# Thinking of Starting El Nautral, Need Questions



## Ziggs180 (May 31, 2011)

I've been planning to start an Aquarium for about a month now, and on my final leg of Research at the Aquarium Wiki stumbled on the El Natural set up. I took a liking to it, but i have Numerous questions that need answering before. But Firstly, the Tank I'm planning to get is a 30 Gallon tank. I plan to have it stocked with 5 Neon Tetras, 5 Red Tetras, 2 - 3 Guppies, and 2 - 3 Otos. I cant put the Tank in Direct Sunlight, but I can put it near a Window.

1) Does This method really make Filters not needed? This would save me money on a Good Filter. I can buy an Air pump to oxygenate the water for a little amount of money.

2) I've read that because of the Soil, the Tank is Instantly Cycled and fish can be added within days. Also will CO2 Canisters not be needed because of the fish?

3) Can i get some Suggestions on Plants for a Beginner such as myself? I would preferably like plants with lower light requirements. Also a suggestion for a good soil brand to use would be like.


----------



## zhanghanbing (May 25, 2011)

1. I recommend a filter. Otherwise I think you need to change water more frequently.
2. When I set up my tank. I first add some tap water conditioner from pet store for abt $3-4 then wait abt 3-4 days. Then and 2-3 hardy fish such as guppies to cycle the tank. After abt one week you can add other fish. No need for co2 if you there are no demanding plants such as HC/ dwarf baby tears.
3. I am currently growing dwarf hair grass and I think they are pretty easy to grow. you can also try some moss. I am using eco-complete as soil. I think it is pretty good.

Just my opinion. Please feel free to correct me if there is anything wrong.


----------



## zhanghanbing (May 25, 2011)

One more thing for the plants. Do not buy the plants sealed in a plastic container from petco/petsmart. They are not true aquatic plants and will die after abt 1-2 months.


----------



## Ziggs180 (May 31, 2011)

where do you suggest i buy Plants? Or in what condition (other than in bags) Should i Get them?


----------



## vicky (Feb 18, 2010)

Sorry to disagree but in an el natural tank you do not need a filter. The plants do a marvelous job of converting all of the ammonia into more plants, which are then removed from the tank by thinning/pruning. Once the tank is established, it can go many months with no water changes. But in the beginning, especially during the first month or so, large water changes may be necessary. A lot depends on the particular soil you used as well as the number, type and health of the plants you have. Floating plants are highly recommended, but do not let them choke off the top of the tank.

Actually, a great way to start is with a much smaller tank. See this link: http://www.bookmasters.com/marktplc/00388Shrimp.pdf

With a small tank, you can find out what plants will thrive in your water, substrate can be cheaply changed if it isn't working, and you will greatly increase your chance of success with the larger tank.
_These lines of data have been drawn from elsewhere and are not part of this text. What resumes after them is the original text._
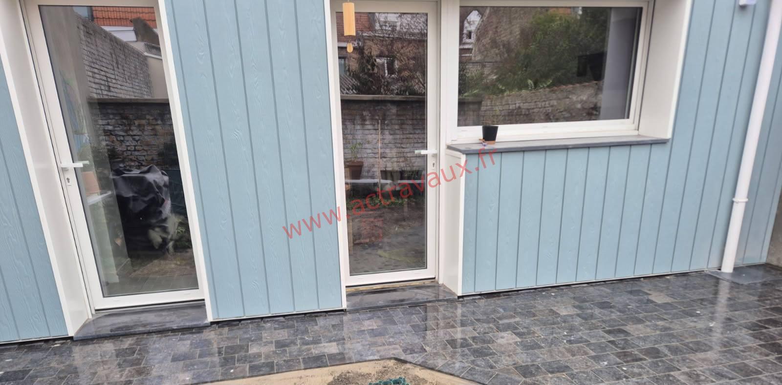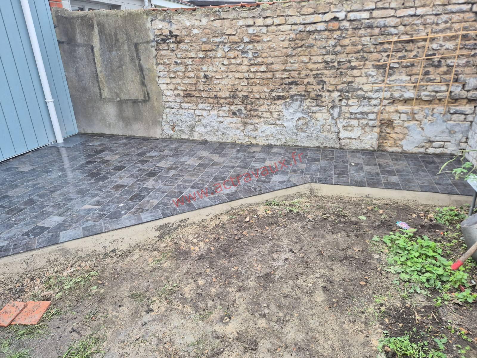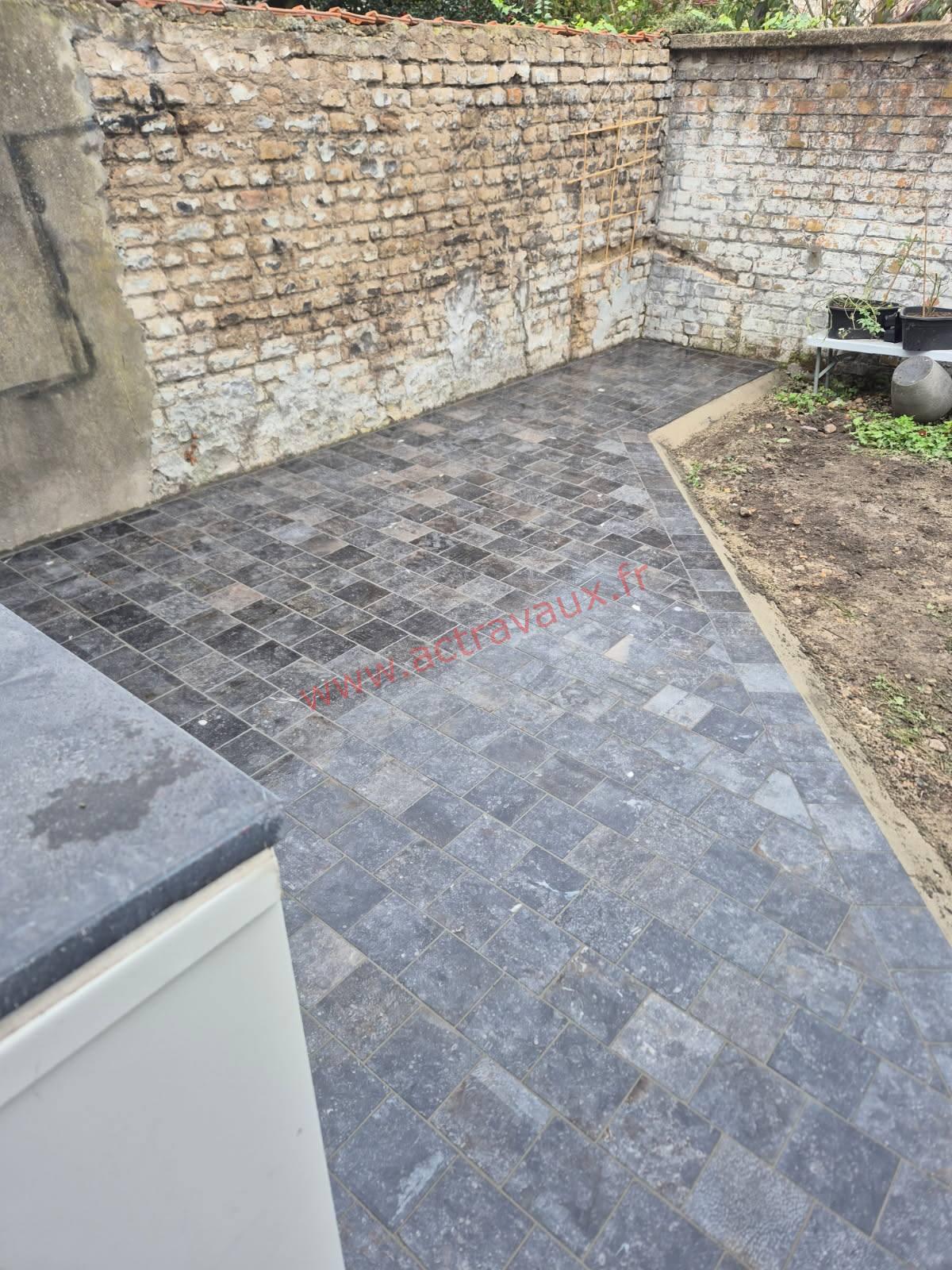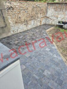Habillage d'une terrasse en pavé pierre bleue 15x15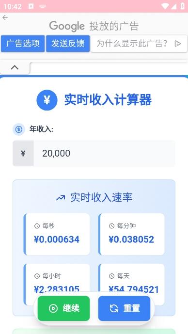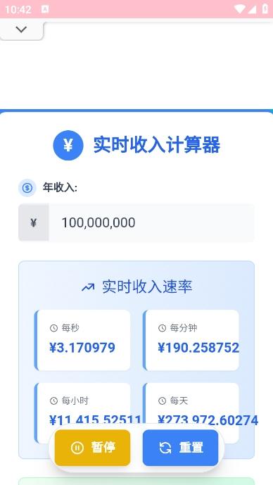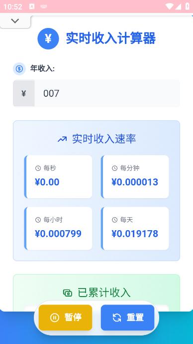 实时收入计算器app是一款非常好用的计算工具软件,这款软件可以帮助大家轻松的来计算实时的收入数据,可视化你的年收入转换成每秒、每分钟、每小时和每天的收入,帮助大家更清楚的了解自己每天的收入来源和金额,感兴趣的朋友快来下载使用吧。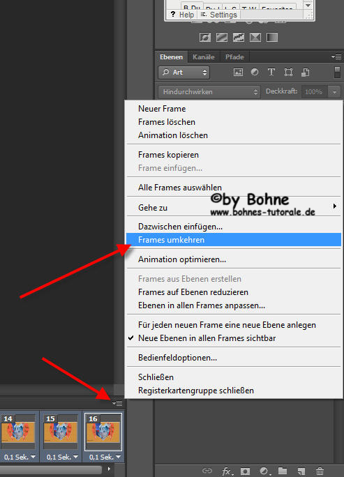 47) nun den ersten Frame aktivieren und in der Ebenenpalette alles so schalten das nur der Hintergrund,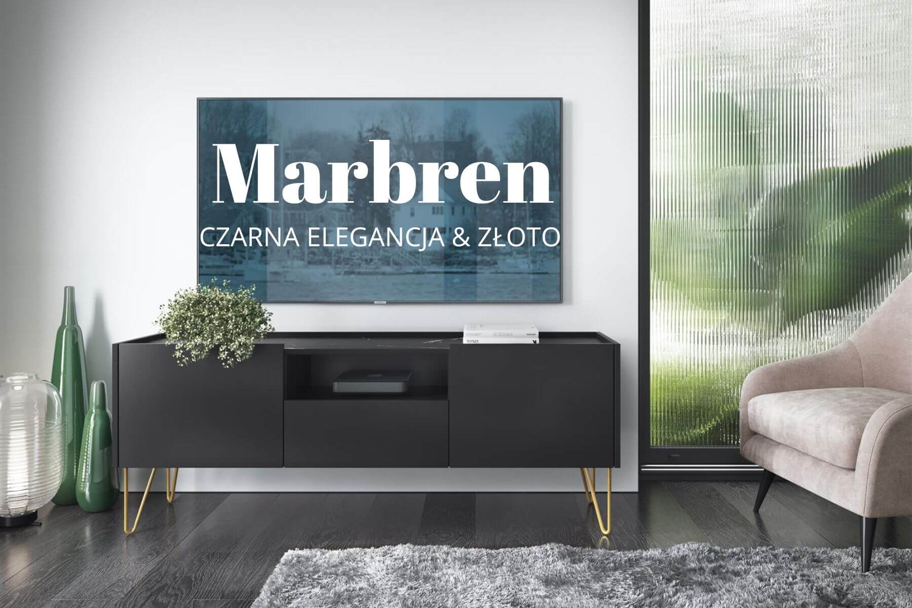 - Jeśli szukasz czarnych mebli do salonu — Marbren to kolekcja dla Ciebie. Zawiera się w niej: czarna komoda w kilku wersjach, stolik kawowy i szafka rtv. Jest to najważniejsze wyposażenie salonu, dzięki czemu nie musisz martwić się o poszukiwania kolejnych mebli, bo wszystko masz w jednym zestawie.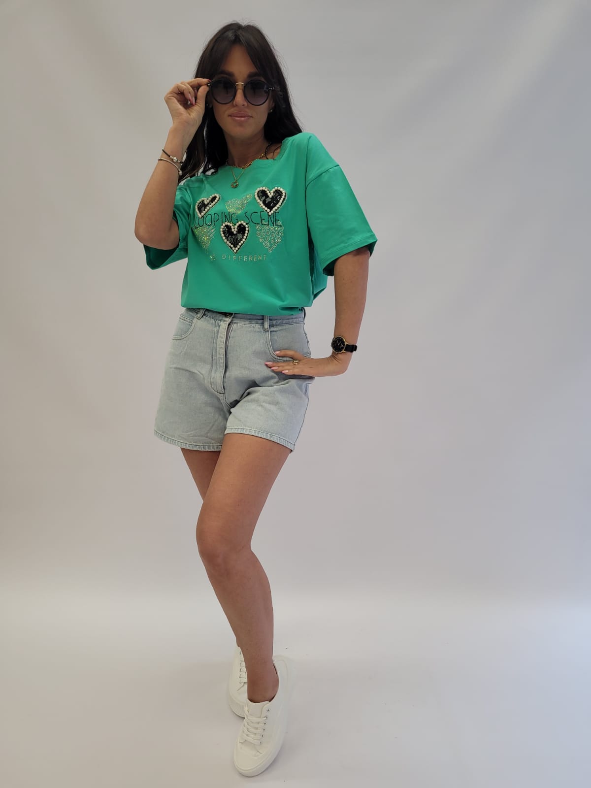 Bawełniana bluzka z krótkim rękawem gładka z wyszywanymi serduszkami zielona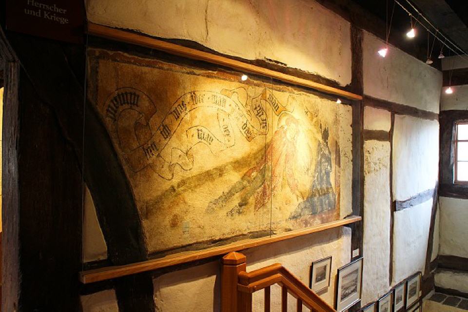 Bemerkenswert sind die restaurierten Reste spätgotischer Wandmalerei im Inneren.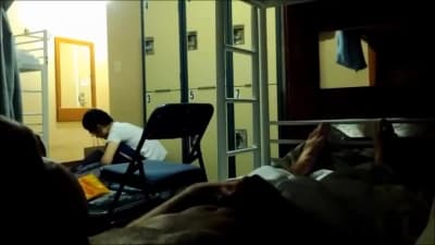 Este chico se excita masturbándose mientras sus compañeros de cuarto en en un hostal lo observan. No te lo pierdas.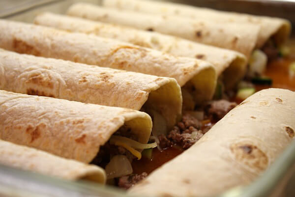 ¿£Ä¥¶ó´Ù´Â ¶Ç¶ì¾Æ »çÀÌ¿¡ °í±â, ÇØ»ê¹°, ¾ßä, Ä¡Áî µîÀ» ³Ö°í µ¿±×¶þ°Ô ¸·´ë ¸ð¾çÀ¸·Î ¸»¾Æ ¼Ò½º¸¦ »Ñ¸° ´ÙÀ½ ¿Àºì¿¡ ±¸¿ö ¸Ô´Â ¸ß½ÃÄÚ ¿ä¸®·Î, ¿£Ä¥¶ó´Ù¸¦ ¸¸µé ¶§ »ç¿ëµÇ´Â Àç·á·Î´Â ¶Ç¶ì¾Æ, ¼è°í±â ¶Ç´Â ´ß°í±â, ¾çÆÄ, ¸¶´Ã, °íÃß, Å丶Åä¼Ò½º, Ä¥¸® ÆÄ¿ì´õ, »ì»ç¼Ò½º, ¿Ã¸®ºê, ü´õÄ¡Áî, »þ¿öÅ©¸²ÀÌ ÀÖ´Ù.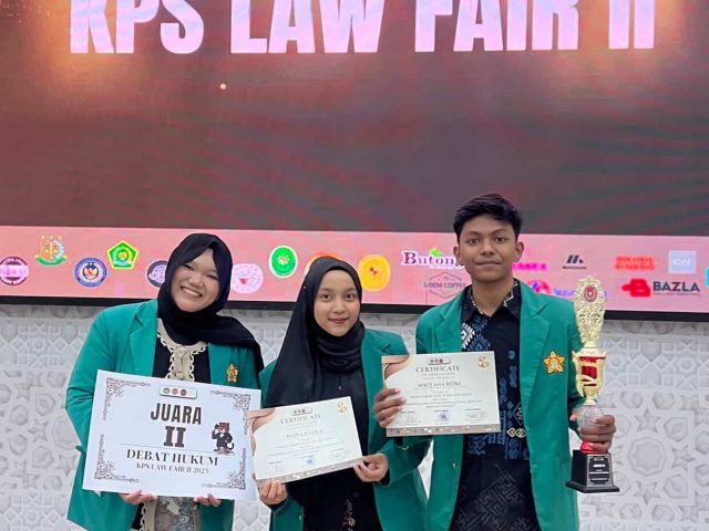 Darussalam – Tim Komunitas Debat Fakultas Hukum (KDFH) Universitas Syiah Kuala (USK) meraih juara 2 dalam kompetisi Debat Hukum Nasional KPS Law Fair II UIN AR-RANIRY 2025 yang diselenggarakan oleh Komunitas Peradilan Semu Fakultas Syariah dan Hukum UIN AR-RANIRY dengan mengusungkan tema “Kilaukan Hukum, Meraih Juara di Tanah Rencong” pada Kamis, 9 Oktober 2025.
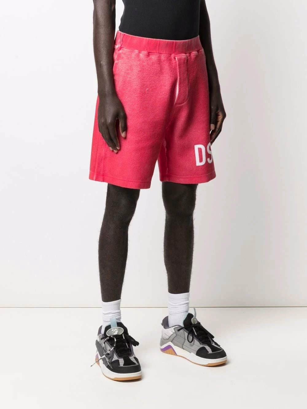 Ceinture élastique, poche arrière plaquée, longueur au dessus du genou, logo imprimé sur la cuisse. Couleur : rouge. Matière : coton.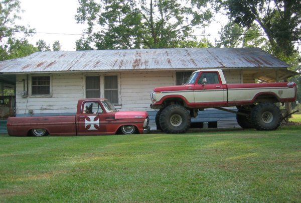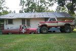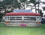 longbed,faded red paint,pinstriping,iron cross's,alot of stickers,stainless fuel tank in front of bed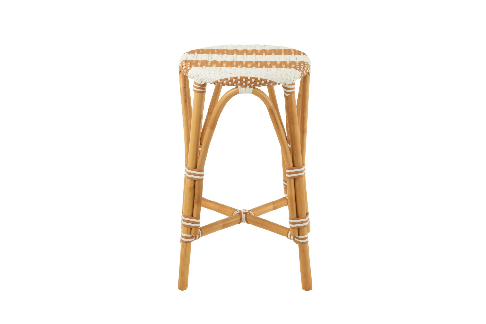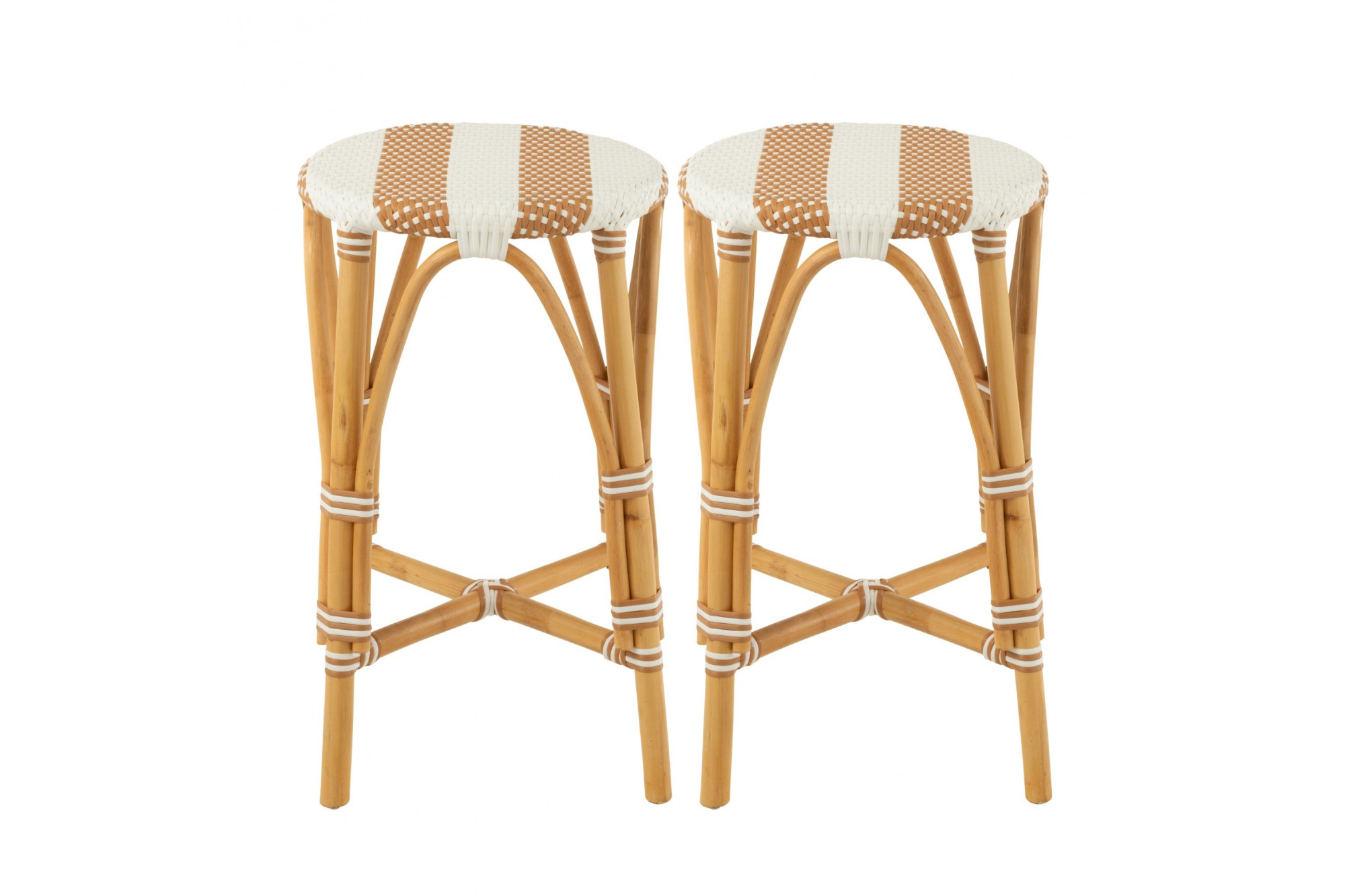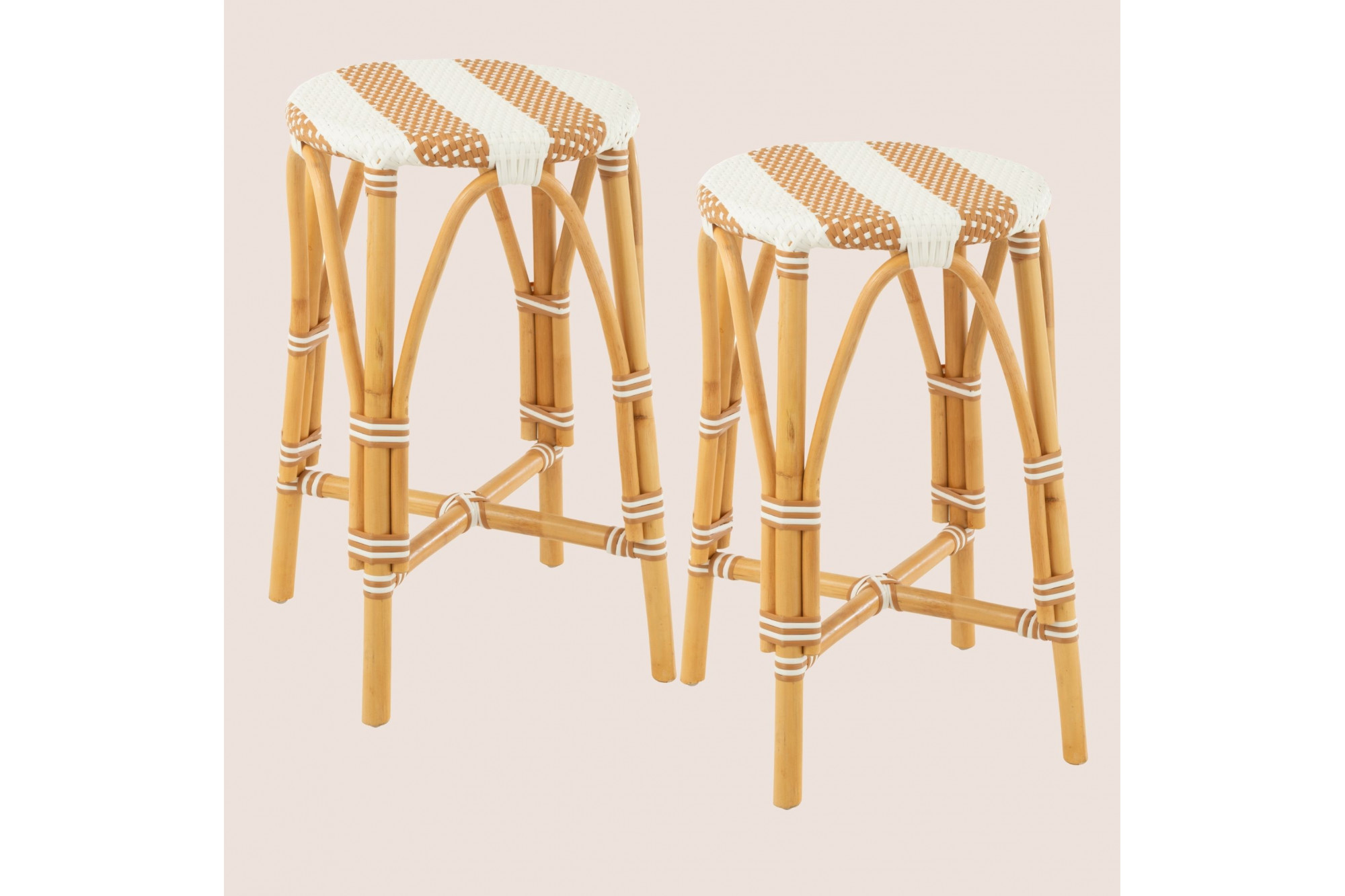 Tabourets de bar sans dossier au style parisien, avec assise ronde tressée et structure en rotin naturel, adaptés à l’intérieur comme à l’extérieur.

If you haven't read Walstad's book, "Ecology of the planted Aquarium" you should. Your library may have it.

OK, your questions.

1. You don't want to run an airstone all of the time. You may need one on just at night if your fish are starved for oxygen in the morning. Air bubbles drive off needed CO2. A submersible powerhead to provide water movement is a good idea, especially in a larger tank. You may want to put a piece of foam over the intake to protect baby fish, but you really do not need a filter in a healthy el natural tank.

2. It is the plants that use the ammonia, not the soil. The soil just helps the plants. Get test kits for at least ammonia and nitrite. If either are measurable, perform water changes - daily if necessary - until they are not. This may also be a sign you do not have enough plants.

3. Miracle Grow Organic Choice is a commonly recommended brand. Open the bag and let the soil air out for a few days before using. Even better is to soak it in a bucket of water overnight, remove any floating material, drain and dry the rest, and then use it. If you can stand to wait a month or so, repeat the soak and dry part several times. See the thread on mineralized top soil. As for plants, throw in whatever you can find that is not exorbitantly expensive and see what grows. Worry about fancy designs later.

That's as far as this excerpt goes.